2) sometimes if the driver is successfully loaded, it will work for a period of 
time, with the DRAC4 card visible, but after a period of time, rmmod will hang 
and openipmi will hang trying to communicate to the BMC

its not always going to hang, when loading the driver with insmod

Comment 4 Shawn Starr 2005-06-01 14:49:24 UTC
s/openipmi/ipmitool userland tools.

Comment 5 Matt Domsch 2005-06-02 17:30:35 UTC
In my lab, tests with PE2800 RHEL3 U5 kernel and RHEL4 U1 beta kernel, with 
and without DRAC4/i (small add-in daughtercard) succeed to insmod no problems.
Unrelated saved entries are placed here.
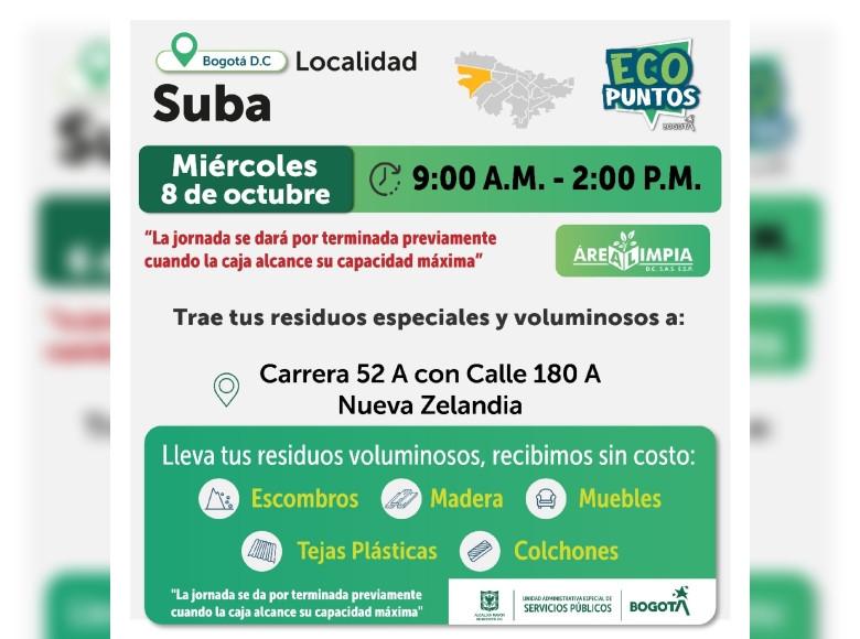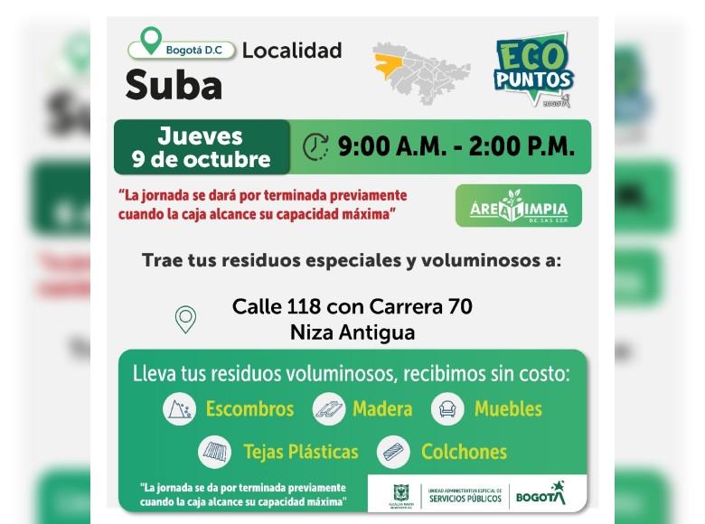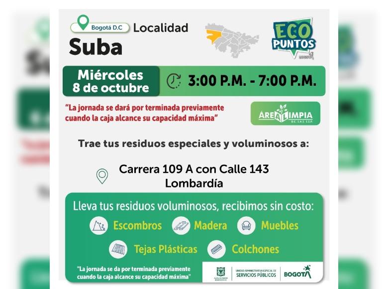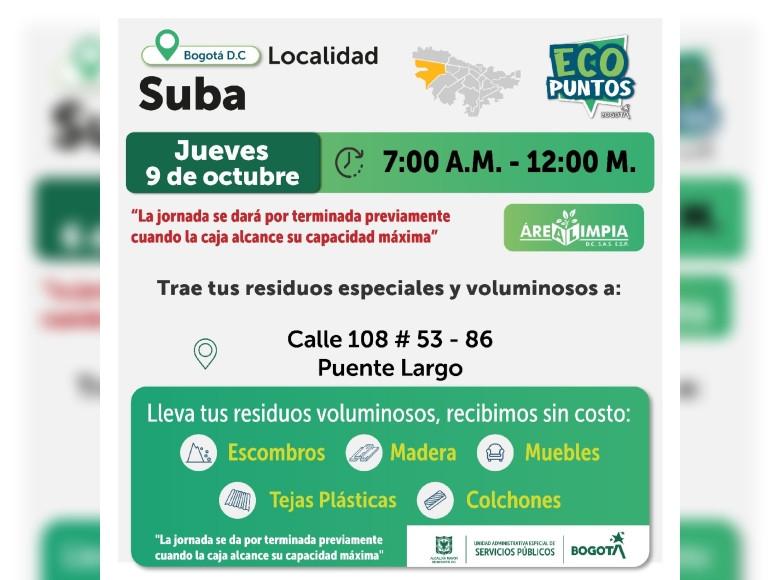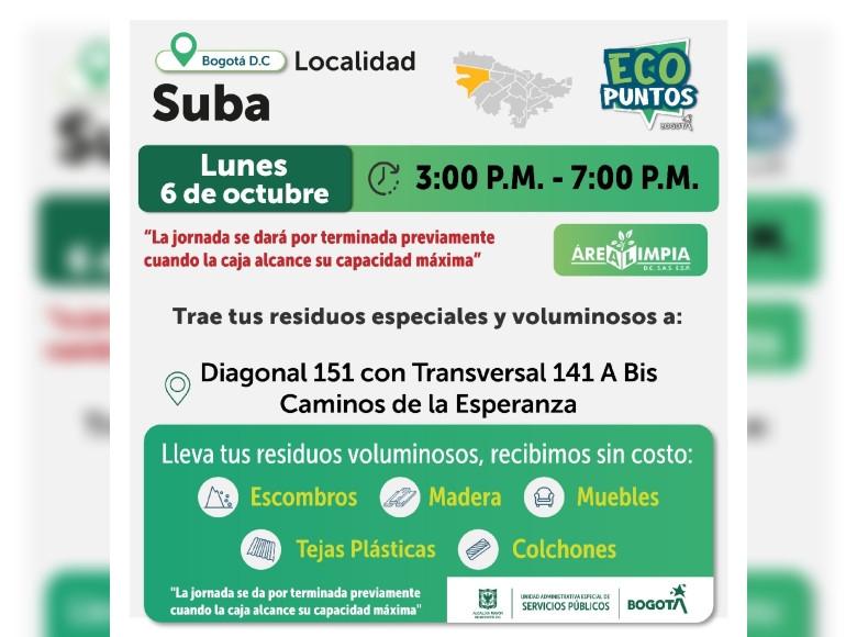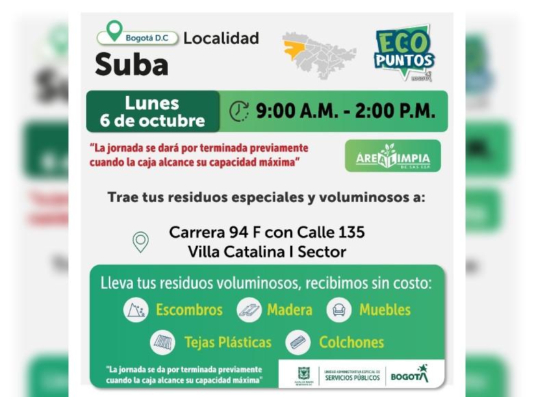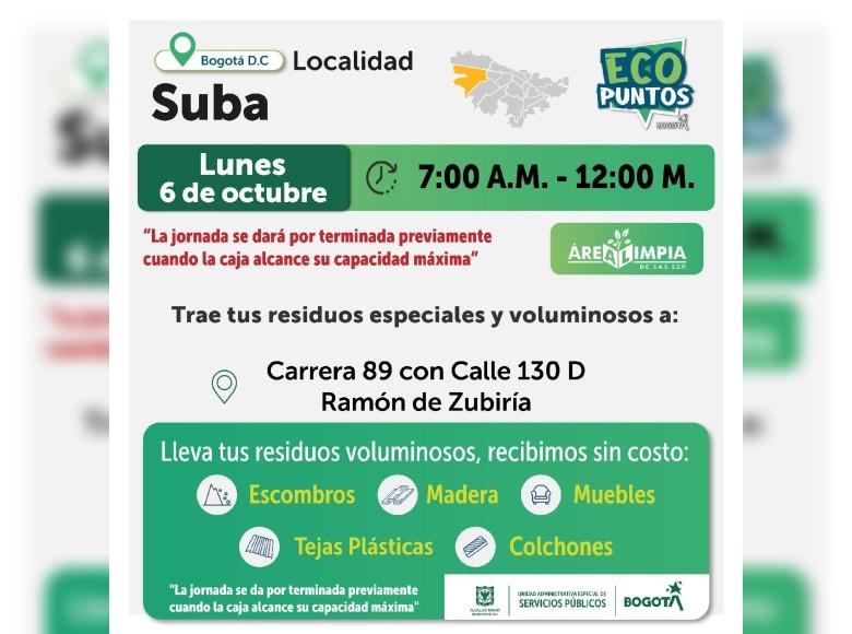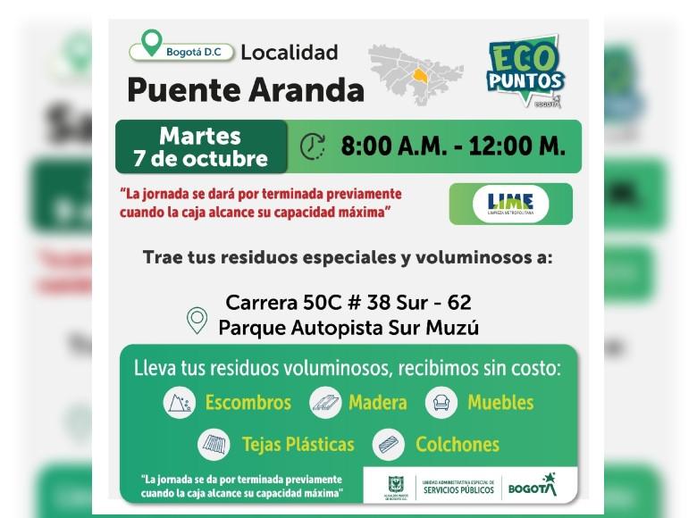 ¡Aquí sí pasa, en Bogotá, mi Ciudad, mi Casa trabajamos para mantener limpia nuestra ciudad! La Unidad Administrativa Especial de Servicios Públicos (UAESP), invita a la ciudadanía que tenga muebles, escombros o enseres en mal estado a llevarlos a los Ecopuntos disponibles en Bogotá que se tendrán ubicados en Puente Aranda, San Cristóbal y más localidades, del 6 al 11 de octubre de 2025.
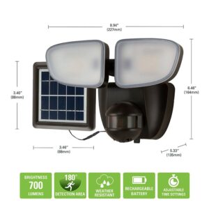 Halo SLFS07AM2B Motion Solar Security Light, 50 W, 2-Lamp, LED Lamp, Bright White Light, 700 Lumens
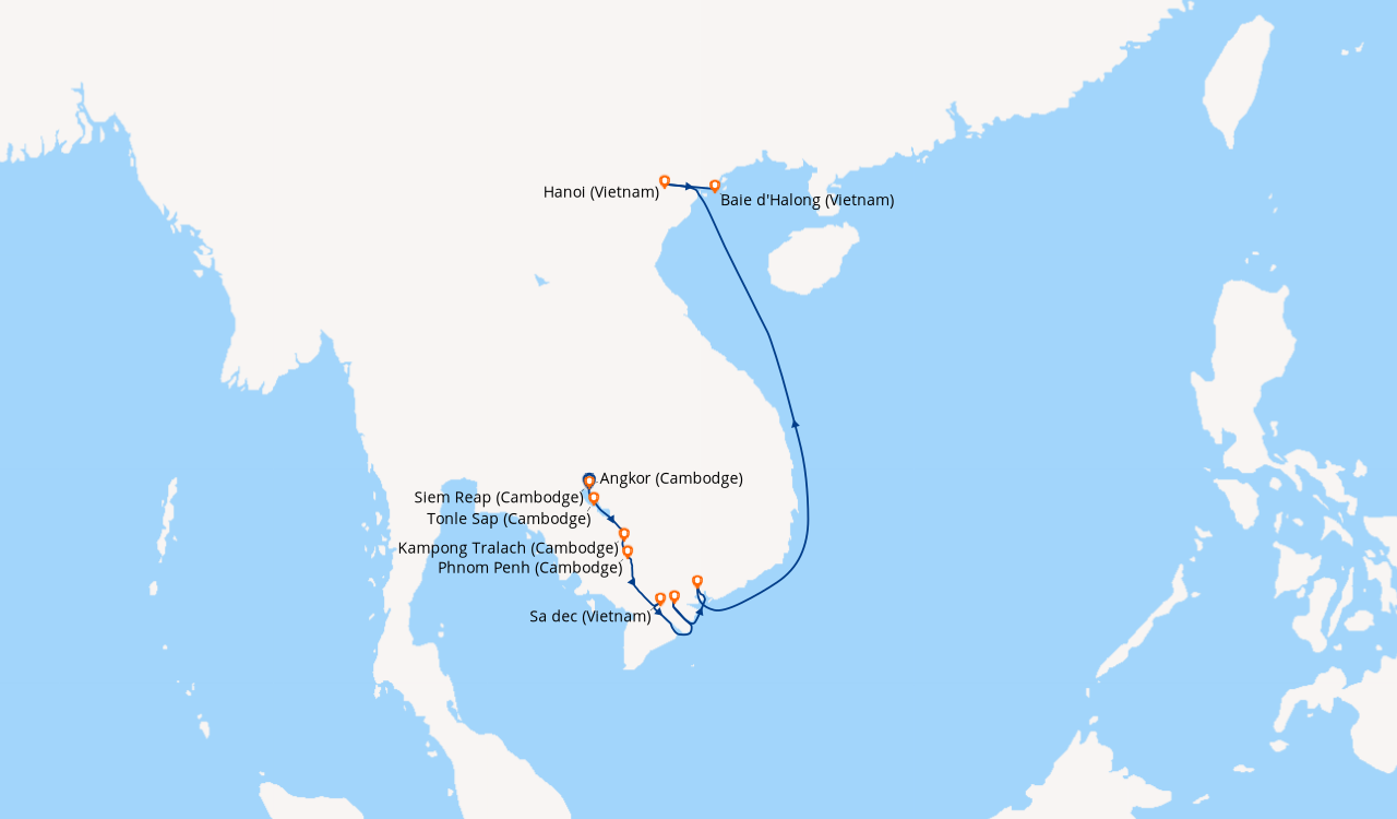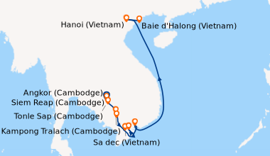 Ravi de mon séjour ! Nous avons essuyé des pluies très fortes (croisière fin maiau départ de Hanoi) ce qui a modifié nos escales à plusieurs reprises. Hio chi minh ville fantastiquement belle !! le canal de chao gao pareil, il y avait plein de petites barques où les commerçants vendaient leurs fruits et légumes. Bonne idée pour les casques guides audio pendant les excursions, comme on venait de pleins de pays différents c'était judicieux.
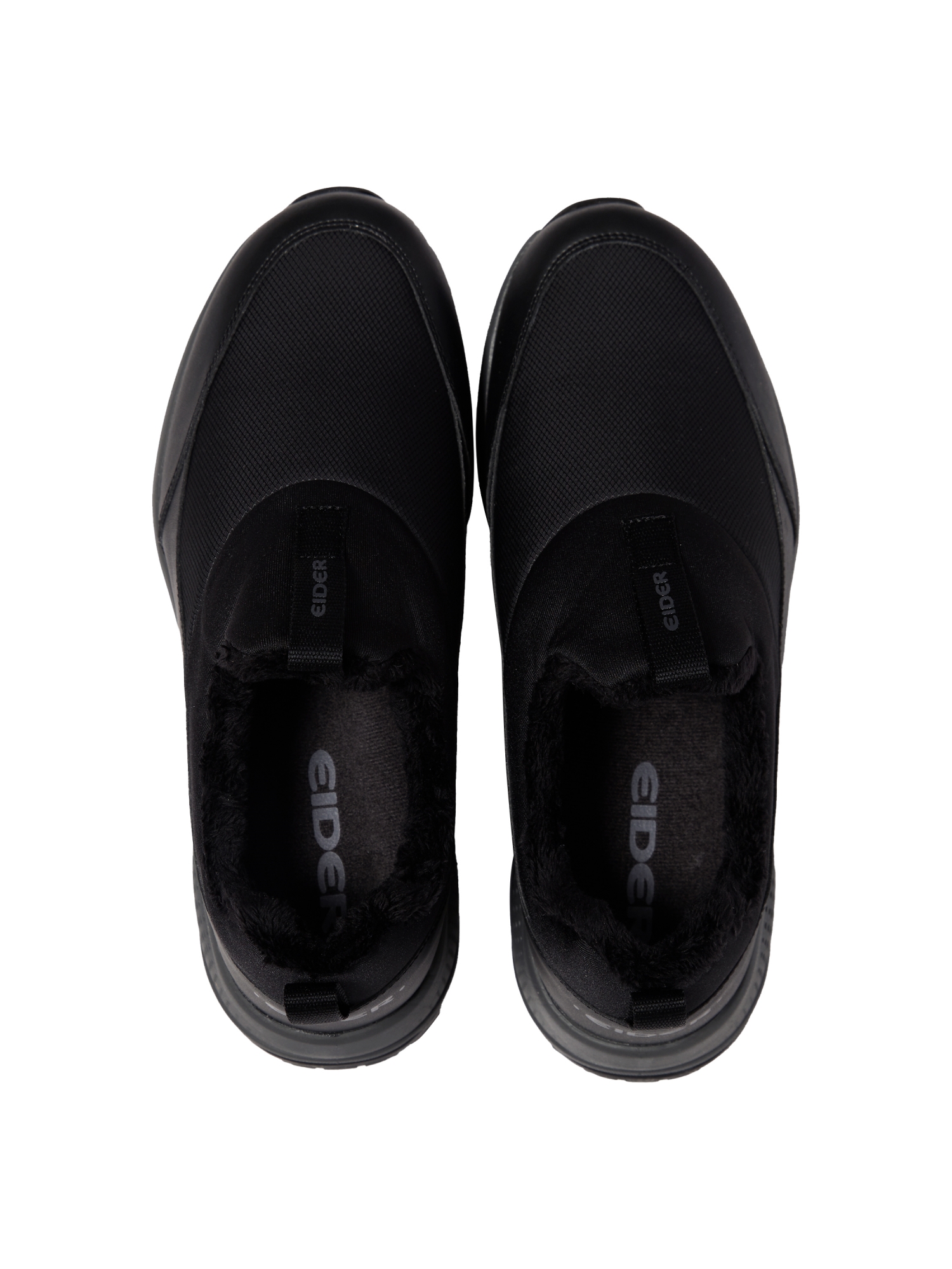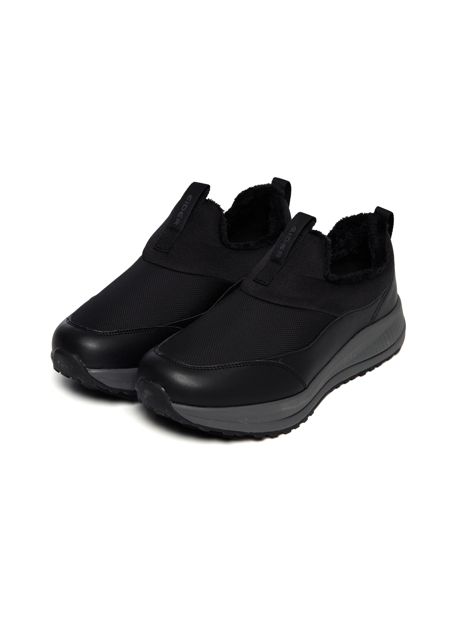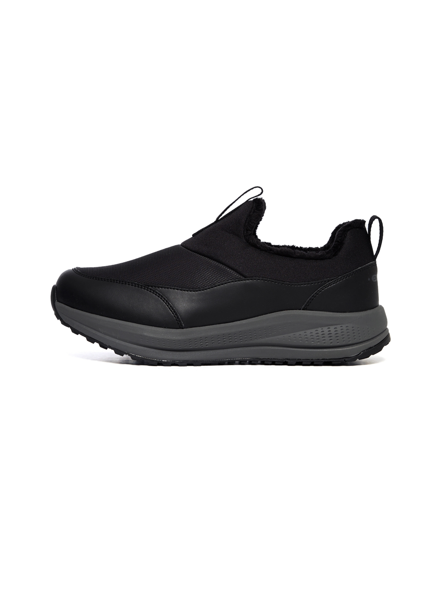 - 두가지 갑피 소재 타입의 슬립온 로우컷 방한화

I'll test with PE1850 next.

Comment 6 Matt Domsch 2005-06-03 21:59:35 UTC
I believe this to be a bug in the BMC firmware, which has been corrected in an 
internal build, and will be released to users in August.  Individual customers 
needing the fixed firmware before general release must call Dell tech support, 
and ask the technician to "escalate to Engineering" to obtain the BMC firmware 
which addresses the stuck attention bit problem.  Customers will be required 
to sign a Dell beta-code NDA and must have support from Dell.

Comment 7 Matt Domsch 2005-06-03 22:01:49 UTC
As this is not a Red Hat kernel bug, I am going to close this issue.